**Instructions for the task:** Leave out the pictures, and reproduce exactly the lines from the line containing "ユーストン駅の2階にあるカフ" through the final line of the entries.

[Records from a dataset]
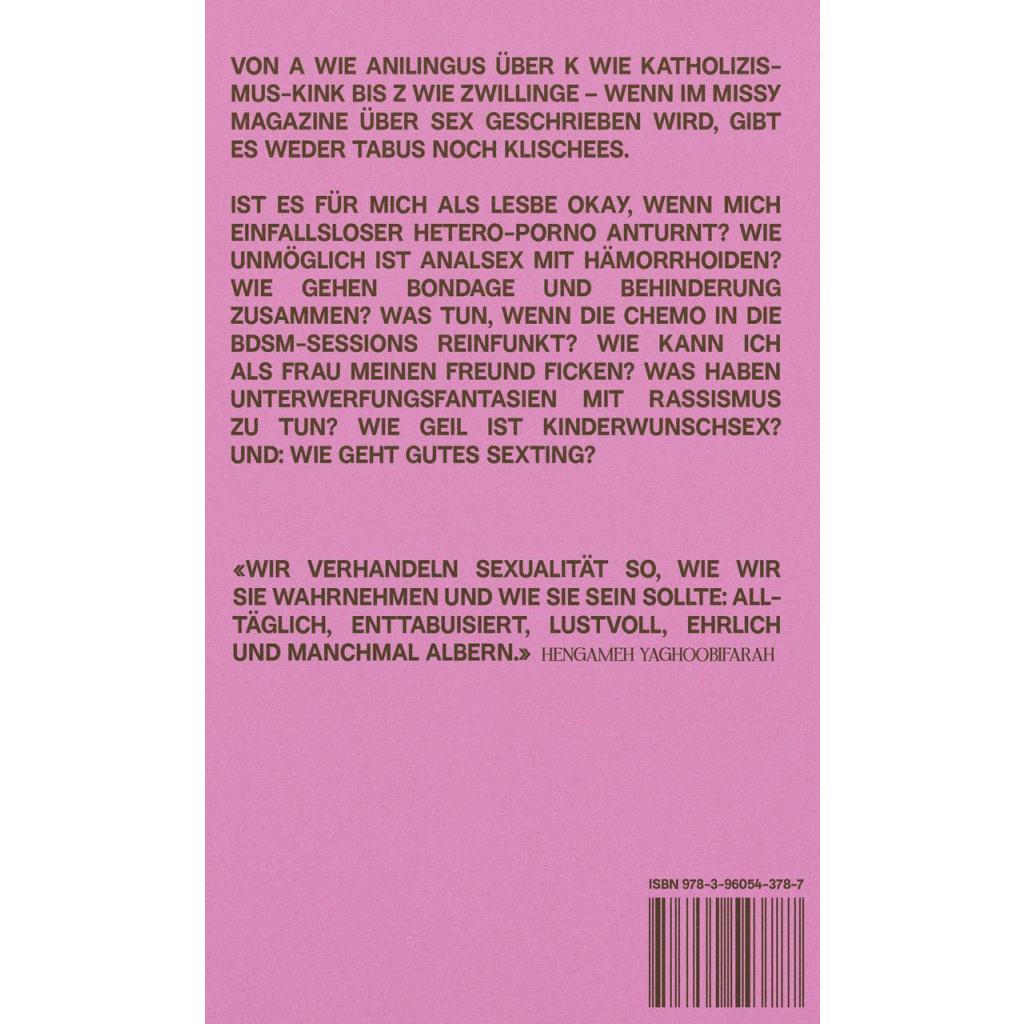Die Sexkolumnen aus dem Missy Magazine jetzt als Buch: Von A wie Anilingus über K wie Katholizismus-Kink bis Z wie Zwillinge - wenn in der Missy über Sex geschrieben wird, gibt es weder Tabus noch Klischees. Denn die Autor*innen schreiben über all die Dinge, die sie in ihrem sexuellen Erleben, ihren Beziehungen oder einfach nur in ihren Fantasien umtreiben: Ist es für mich als Lesbe okay, wenn mich einfallsloser Hetero-Porno anturnt? Wie unmöglich ist Analsex mit Hämorrhoiden? Wie gehen Bondage und Behinderung zusammen? Was tun, wenn die Chemo in die BDSM-Sessions reinfunkt? Wie kann ich als Frau meinen Freund ficken? Was haben Unterwerfungsfantasien mit Rassismus zu tun? Wie geil ist Kinderwunschsex? Und: Wie geht gutes Sexting? Die Texte beleuchten marginalisierte Fragestellungen rund um das Thema Sex, vermitteln Wissen und bauen Schambarrieren ab. Statt durch One-Size-Fits-All-Tipps Druck aufzubauen oder von einem homogenen Begehren auszugehen, liegt der Schwerpunkt auf Spaß, Neugierde und Selbstreflexion: 'Wir verhandeln Sexualität so, wie wir sie wahrnehmen und wie sie sein sollte: alltäglich, enttabuisiert, lustvoll, ehrlich und manchmal albern.' Mit Beiträgen von Laura Méritt, Stefanie Lohaus, Anna Mayrhauser, Evan Tepest, Kirsten Achtelik, Jacinta Nandi, Mithu Sanyal, Leona Stahlmann u.a.
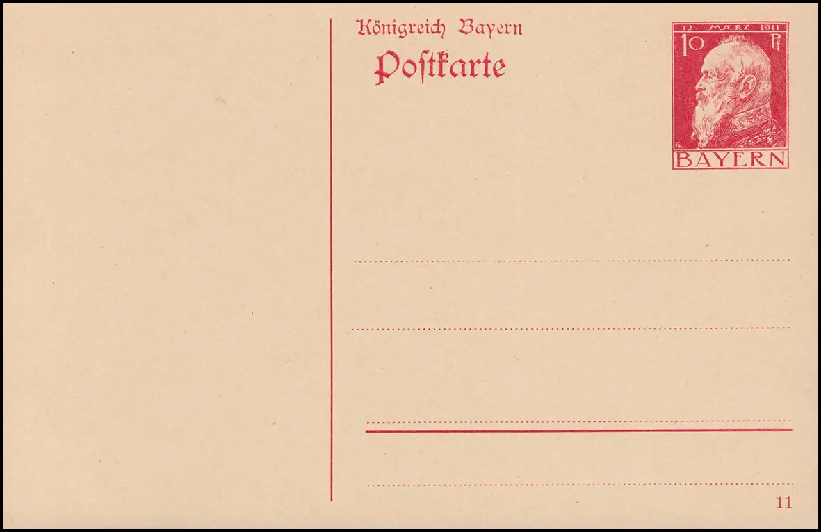 Bayern Postkarte P 88I/01 Luitpold 10 Pf rouge DV 11 coupé, **
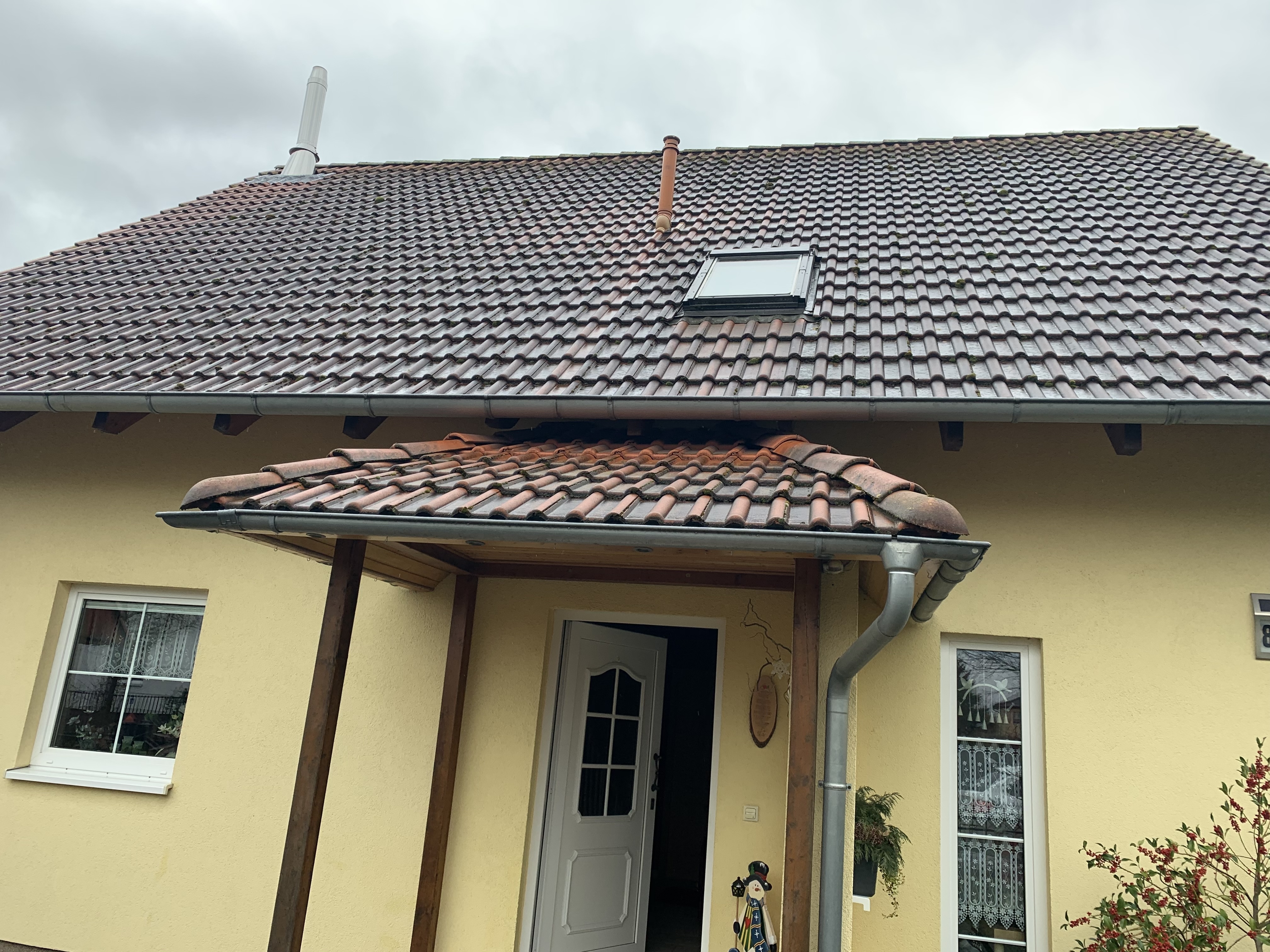 Gründliche Hochdruckreinigung von Dach und Fassade zur Entfernung von Schmutz, Moos und Algen.
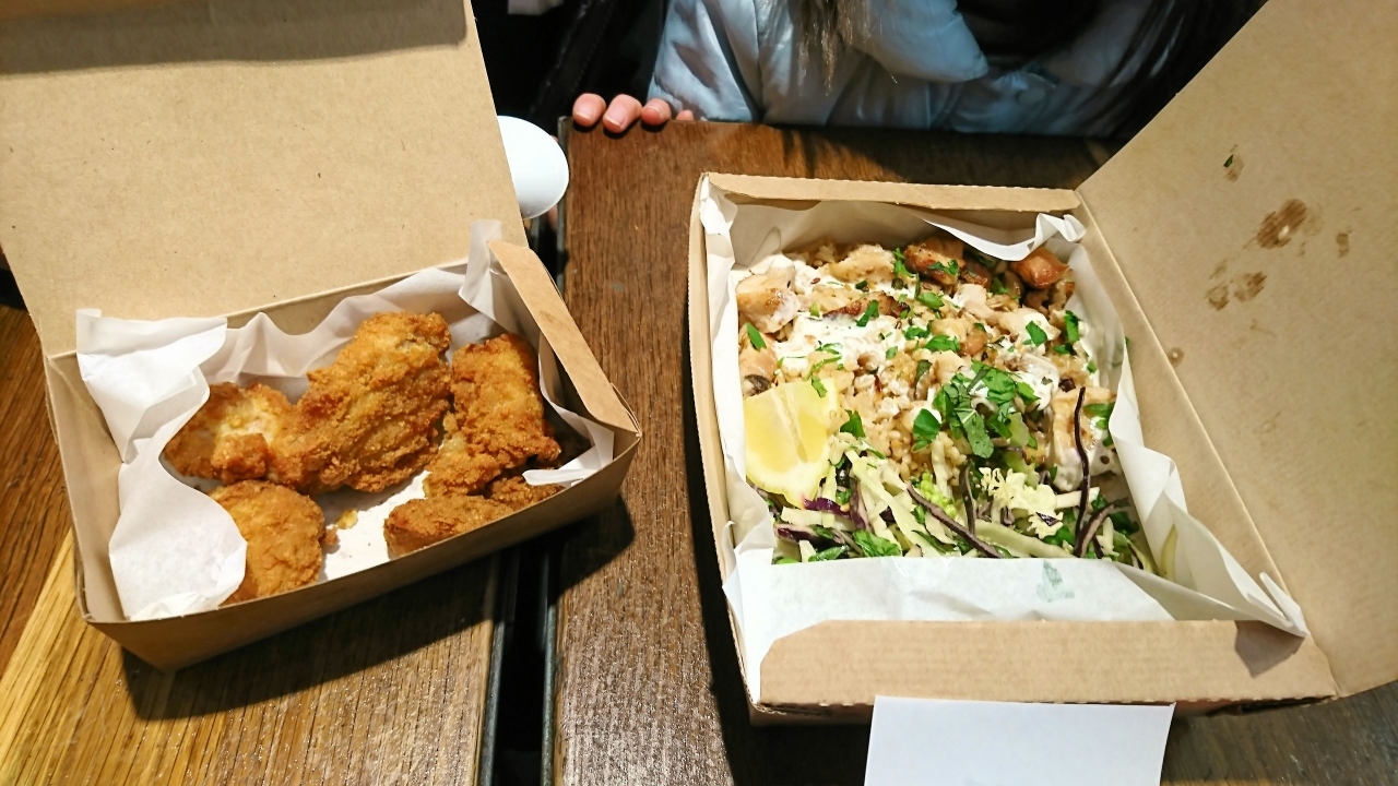 ユーストン駅の2階にあるカフェレオン。リーズナブルな価格帯で店内でも食べることができるお店。イングランドでは珍しく、無料のお水が置かれているので助かる。お水はレモン水だ。関が多くはないので誰かが席を確保して並んでおいたほうが無難。
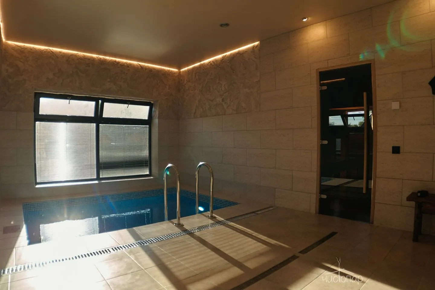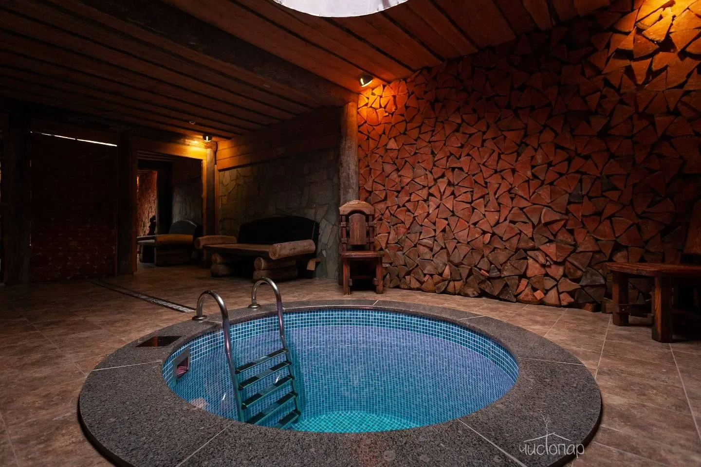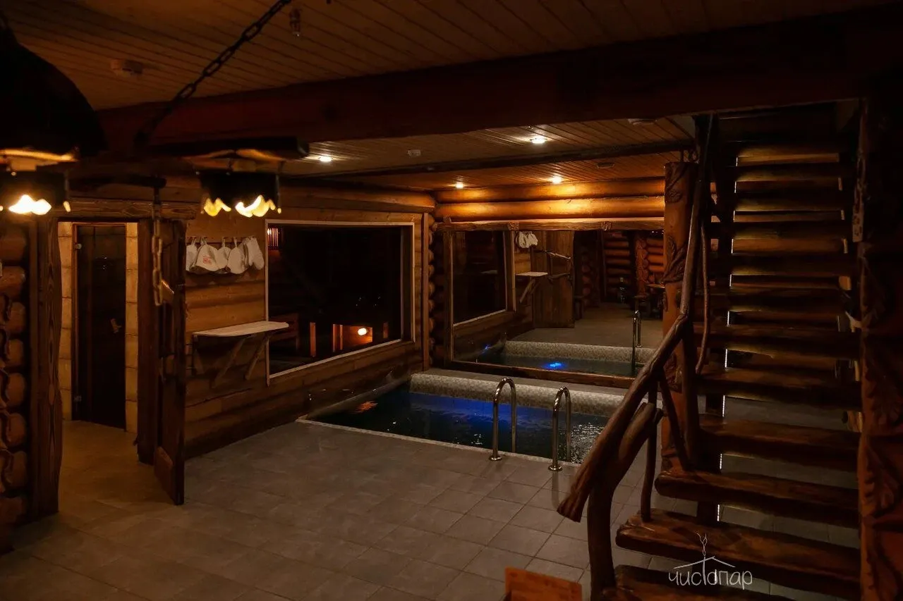 В комплексе нет бассейна, но есть большая кадушка с холодной водой.

**Exercise answer:**
 ユーストン駅の2階にあるカフェレオン。リーズナブルな価格帯で店内でも食べることができるお店。イングランドでは珍しく、無料のお水が置かれているので助かる。お水はレモン水だ。関が多くはないので誰かが席を確保して並んでおいたほうが無難。
 В комплексе нет бассейна, но есть большая кадушка с холодной водой.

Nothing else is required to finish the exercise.